The reduction of aromatic nitro compounds with hydrazine or hydrazine hydrate represents a special variation of the catalytic reduction, where hydrazine is the source of the hydrogen. The hydrogen can be generated by a variety of H-transfer catalysts 3, 4, 5. Especially with the use of noble metal catalysts, such as Pd, Pt or Ru, but also with the application of Ni or Cu, the catalytic hydrazine reduction gives high yields comparable to or better than the catalytic hydrogenation. In the past, the relatively high costs for hydrazine hydrate and for the noble metal catalysts prevented this reduction method from being applied at an industrial scale. However, there are two main reasons which are currently enhancing the attractivity of this catalytic H-transfer reduction: (a) It has been observed repeatedly that several cheap iron(III) compounds, especially a series of iron oxide or hydroxide modifications, exhibit an appreciable activity with regard to catalytic H-transfer 6, 7, 8, the best results being obtained with β-FeO(OH) 7, 9in methanol or ethanol [8]; (b) In cases where the catalytic hydrogenation is not the method of choice, this method offers a safe as well as an ecologically and economically beneficial alternative, above all for small product volumes in fine chemical manufacture, where the reaction can be carried out in multi-use batches under normal pressure.
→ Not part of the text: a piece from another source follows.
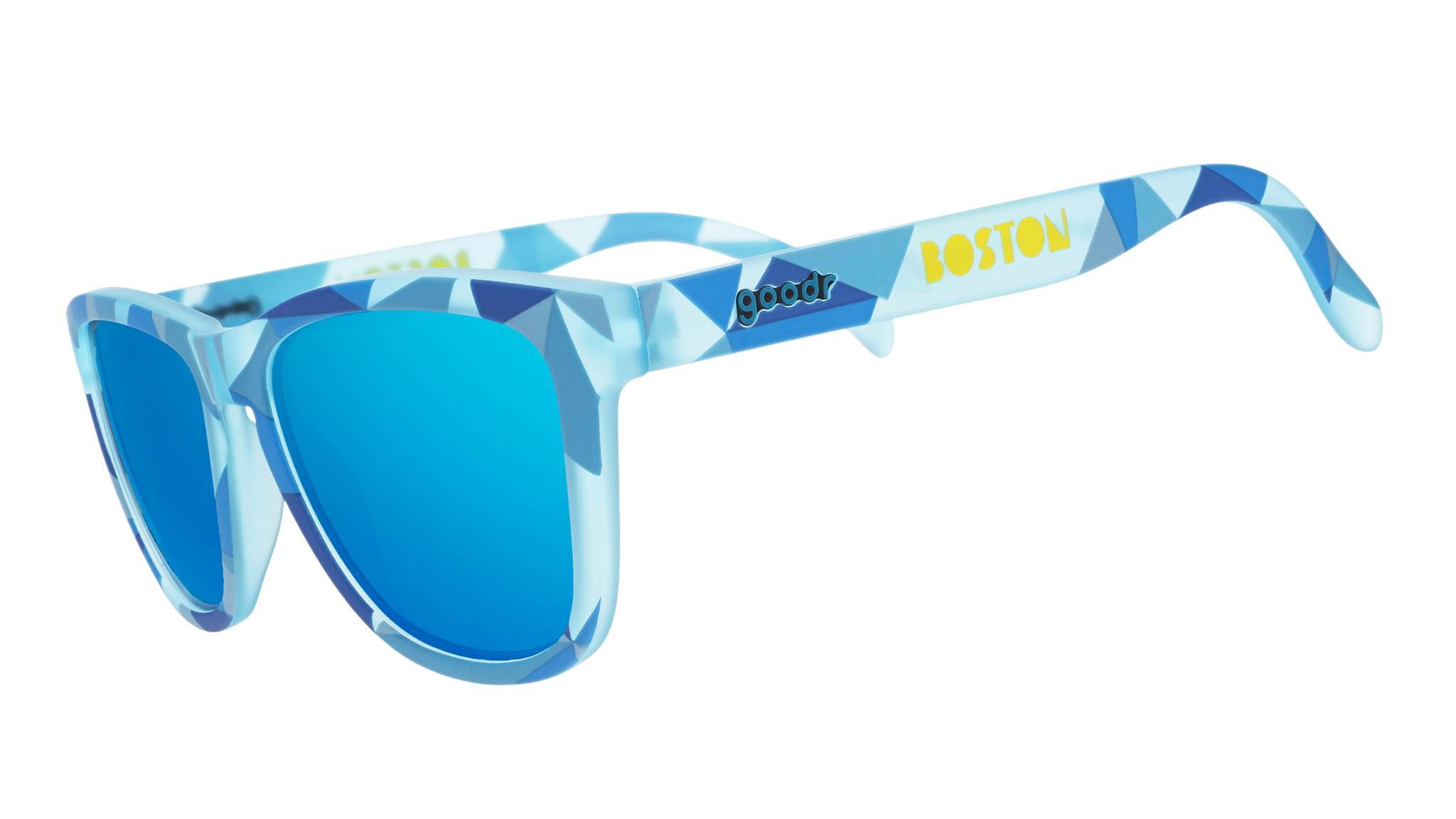 Howahyah, Boston?! Crush hills & hahhts in these limited-edition shades inspired by the most notorious marathon incline. These blue sunnies feature a geometric pattern & blue reflective lenses so everyone will know you're wicked good at runnin'!!!

This prompted us to investigate the H-transfer activity of these cheap and easily synthesizable iron oxide hydroxide catalysts [10]by examining the influence of additional substituents on the rate of the reduction [11]and determining the selectivity [12]of the catalytic reduction for a selection of monosubstituted nitrobenzenes (Fig. 1).

The catalyst was prepared by precipitation of an iron oxide hydroxide from an aqueous iron(III) chloride solution with sodium hydroxide. It showed a much higher activity than the β-FeO(OH) used by Miyata et al. [7]and Ayyangar et al. [8]. This most active iron oxide hydroxide modification was found [10]to be the ferrihydrite Fe₅HO₈·4H₂O [9].